Today I began with the sincere intention of skipping coffee as part of a new year's Daniel fast.
I had spent time thinking about it and praying about it, not wanting to lightly make the decision and then just a easily say
OK forget it. I had put time and thought AND prayer into it...
so, here I am, surprised that already, by 11:00 a.m. I've already given in and decided I was foolish to make such a decision.
Am I just incredibly weak or incredibly too much like many others who resolved to do or not do something, for very good reasons, and then crumble?
Drinking coffee is not sinful. Why I thought my 'act' would be good or worthwhile was that we are instructed to fast at times. I believed this was a good time. Not that I was going to do anything noble or earn extra credit with God! But, I had began to believe what the Word tells us about fasting, and that there is something to be learned through the act.
I had began to think about how I participate in small ways to trip me up, or set me up to fail. I believe this is an area God is wanting me to look at, to help me be more aware, and, with His guidance, to be better able to make wiser decisions.
It is now easy for me to look at myself and say
see, you knew you couldn't/wouldn't do it and feel shamed. But, in light of what I know to be true from God's Word, that isn't an option. God is still on the throne and He is (still) not one bit surprised by what I do or do not do.
There is still merit in fasting...afterall, it is scriptural.

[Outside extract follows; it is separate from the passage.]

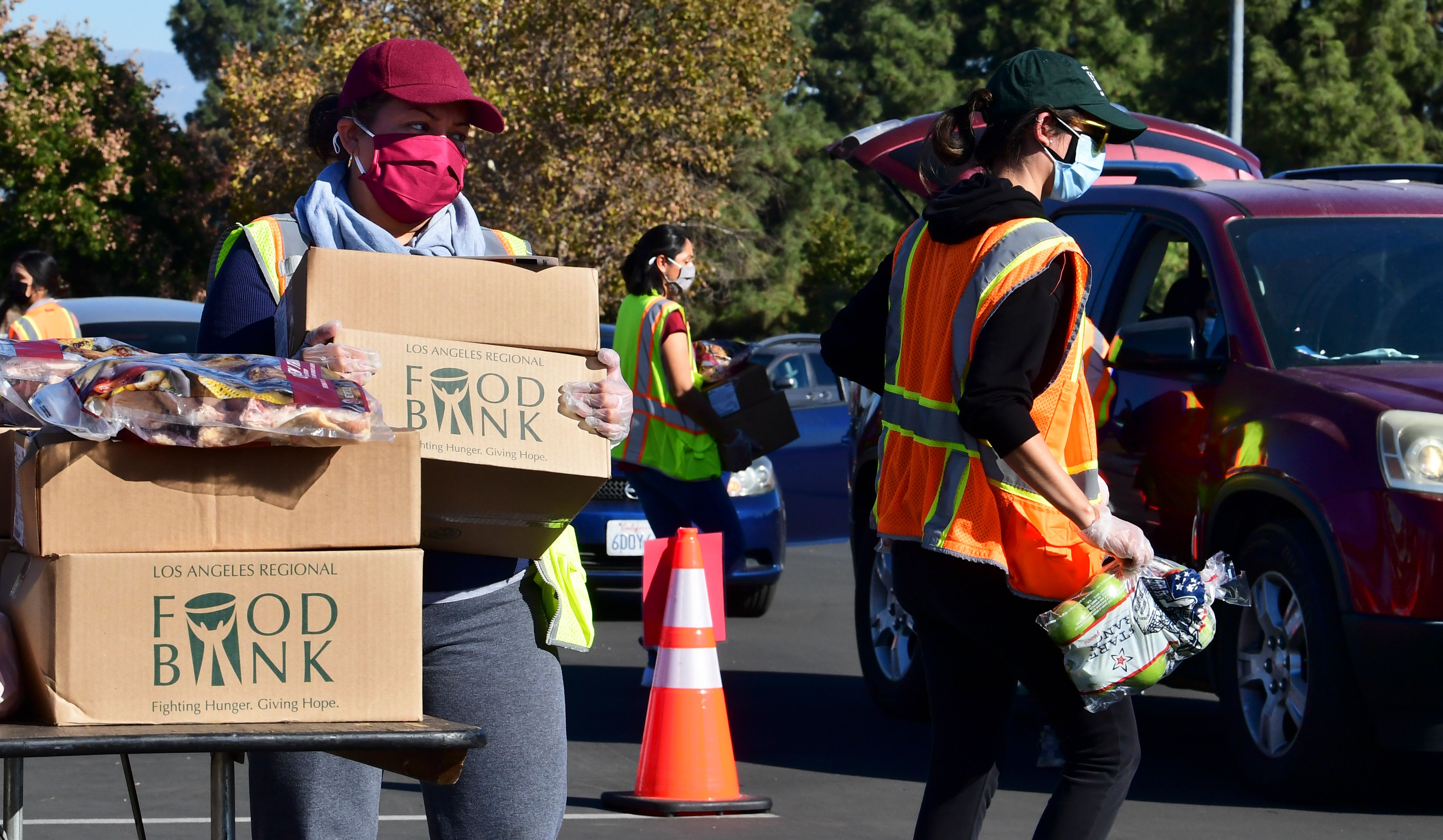 食品在汽车上装载,司机们在洛杉矶的一个食品分发中心排队等候,这是在去年12月。

But, even in this, my failure, there is a lot to learn, and I will, this time, choose to turn to God and learn.
Today I am going to Psalms to read and even try my hand at uttering a bit of a song of my own, to God, using the 120th chapter as my inspiration (and, of course, my morning failure).
In my pain and confusion I cried out to the Faithful I AM, and He heard me and answered me!LORD, keep me from the affects of lies and deception, and keep me from participation in even a shade of deceit.What will I find when I face You if I do walk in deception, and, oh, what sadness others face as they continue to sew lies? ~~A sharp arrow aimed right to the heart.Oh, my misery and regret is that I've stayed in the place of pretending and not had confidence in You for too long. ~~I have lived too long worried about peacemaking with those who don't care about such things!I am for peace, but they only want to be right.